Those of you with a historical imagination will recognize Thomas Jefferson’s prayer for schooling — that it would teach useful knowledge. Some places do: the best schooling in the United States today is coming out of museums, libraries, and private institutes. If anyone wants to school your kids, hold them to the standard of the Shelter Institute and you’ll do fine.

...

In 1926, Bertrand Russell said casually that the United States was the first nation in human history to deliberately deny its children the tools of critical thinking; actually Prussia was first, we were second. The school edition of Moby Dick asked all the right questions, so I had to throw it away. Real books don’t do that. They let readers actively participate with their own questions. Books that show you the best questions to ask aren’t just stupid, they hurt the intellect under the guise of helping it, just as standardized tests do. Well-schooled people, like schoolbooks, are very much alike. Propagandists have known for a century that school-educated people are easier to lead than ignorant people — as Dietrich Bonhoeffer confirmed in his studies of Nazism.

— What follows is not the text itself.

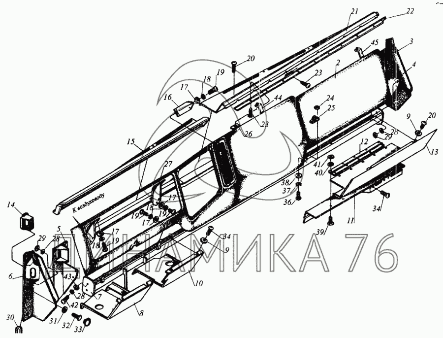 Перечень комплектующих от Панель приборов на МАЗ-437040 (Зубренок)

It’s very useful for some people that our form of schooling tells children what to think about, how to think about it, and when to think about it. It’s very useful to some groups that children are trained to be dependent on experts, to react to titles instead of judging the real men and women who hide behind the titles.

With all the money we throw away on bad education for our children... think how wonderful it COULD be...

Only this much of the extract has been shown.